Thunder Technologies
4 min readMar 25, 2021
Logos used with permission as an AWS and GCP partner

In our last article we introduced our upcoming release of Thunder for EC2 Serverless, based on our cost-effective AWS Marketplace solution for disaster recovery automation, now architected for serverless computing. This article will provide details how we converted the logic from a SaaS environment — that runs 24/7 in an EC2 instance — to a lightweight AWS Lambda function.

Cloud disaster recovery for workloads hosted in EC2 is a straightforward process. On a periodic basis, snapshot an instance’s EC2 volumes; replicate those snapshots to another region; then attach volumes based on those snapshots to a duplicate instance at the DR region that was provisioned from a copy of the primary’s AMI. Step-by-step details are furnished in a previous post here.

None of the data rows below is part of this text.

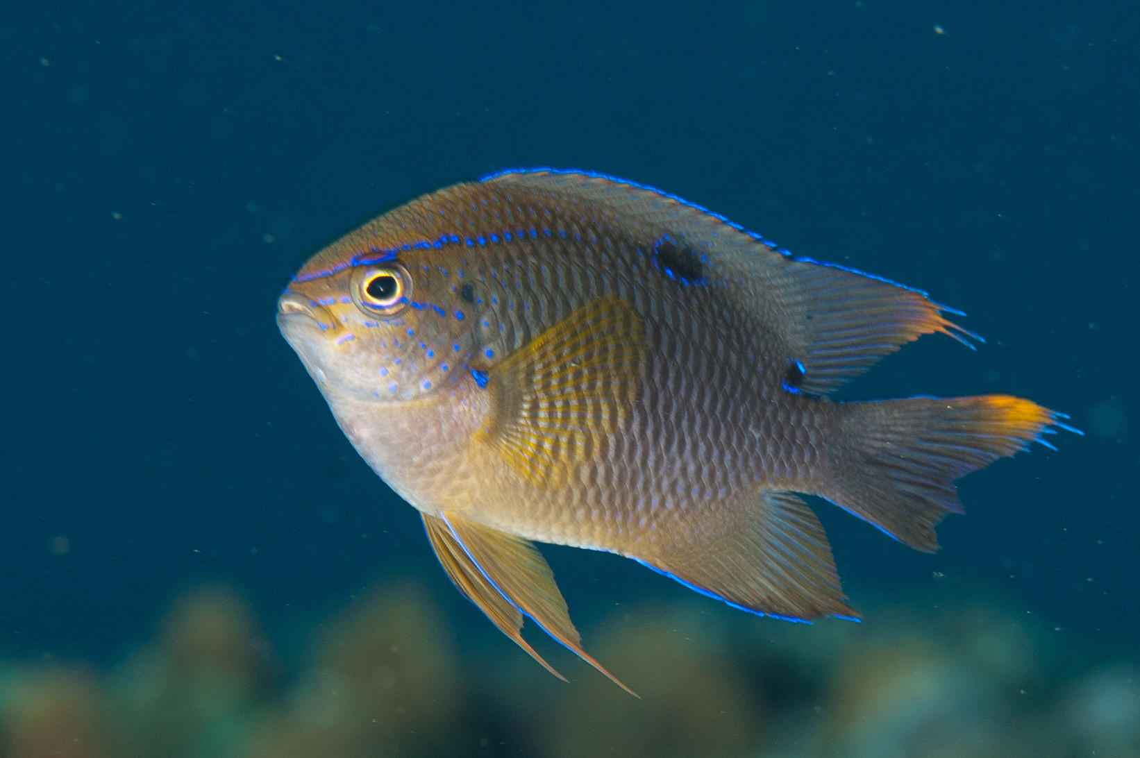 دامسل دم قرمز بالغ تیره با باله سینه ای زرد و رنگ زرد در اطراف دهان با حد اکثر 12 سانتی متر اندازه میباشند. زرد/نارنجی جوان با نشانه‌های آبی نئون، شبیه به تعدادی دیگر از دامسل ماهی‌های جوان. دو اوسل در پشت، اولين اوسلوس بزرگتر كه با خط آبي به پوزه به هم پيوسته و دومين اوسلوس كوچكتر در جايي كه باله پشتي به پايه دم مي پيوندد.
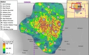 Current figures show the highest initial production rates are on the Nesson Anticline sub-play, with 30-day IP rates of 1000 boe/d. Estimated ultimate recovery (EUR) rates are the highest in the Fort Berthold sub-play at nearly 700,000 barrels of oil equivalent (boe).
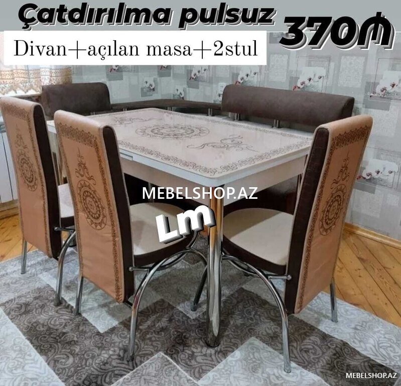 Şirkət Stol stul desti 110manatdan başlayır Stol stul desti anbardan satiş var Modellər coxdur Rəng secimi etmək OLAR. Ölcülərə görə qiymət dəyişir Keyfiyyətinə görə qiymət deyişir Malın tipi: Masalar və oturacaqlar Yeni?:

This logic, however, involves a lot of waiting. First, each replication job runs only occasionally, maybe hourly for an aggressive recovery point objective, but possible daily to minimize replication costs. Replicating snapshots also takes time, depending on the volume of data replicated at each job. Even copying the primary’s AMI to the DR region during initial provisioning can be lengthy.

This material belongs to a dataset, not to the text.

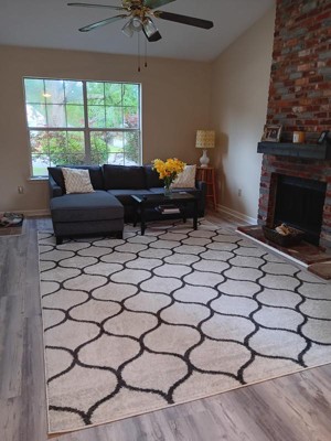 I went with the 8x11 after trying several different sizes and versions of their lattice rugs. It's really gorgeous and settled well. It may look discolored in photos but it's not, just the lighting. Note the larger size has notably darker gray piping than the smaller size which was a bit of a bummer but still works. Also note it's beiger/oatmeal in person compared to the white of photos. Pile is slightly less plush than the hexagonal lattice pattern but still great. Very satisfied and many thanks to this company for all their time and patience with me as I tried different options and shipped several back. They're truly superior on that front and it's why I keep coming back to them. This is my third rug with them. Totally opens up my room and emphasizes its fantastic size.

A SaaS solution spending most of its time waiting does not use its CPU cycles efficiently. As a result it incurs unnecessary additional cost paid to AWS for hosting the solution as an EC2 instance.

We embarked on our journey to rearchitect our solution for Lambda by creating a function with all of our automation logic that is invoked every 15 minutes through AWS CloudWatch Events, with one target for each EC2 instance being protected. We then divided the automation logic into discrete units, with each unit determining whether it should run during a given invocation based on the state of the instance at the time of the particular invocation:

  • If no snapshots exist, take a snapshot of each volume attached to the instance, then replicate them and exit; do not wait for the replication to complete because it could take some time, possibly longer than the maximum 15-minute Lambda timeout. It is not necessary for the caller to wait as the replication takes place in the background directly in AWS
  • If replicated snapshot exist and are completed (having been created by the previous step in a previous invocation), create a volume from each snapshot and swap those volumes with those currently attached to the DR instance; tag the instance as requiring testing and exit
  • If the instance requires testing, power on the instance, run any deep test that has been configured (more on that in a later article), then power it off, untag it, and exit immediately; no need to wait for it to power off

At any given invocation, if there is nothing to do, the function exits immediately, incurring essentially no cost. This will frequently be the case, for example if it is not time to run a job, or if a long-running snapshot replication is still in progress.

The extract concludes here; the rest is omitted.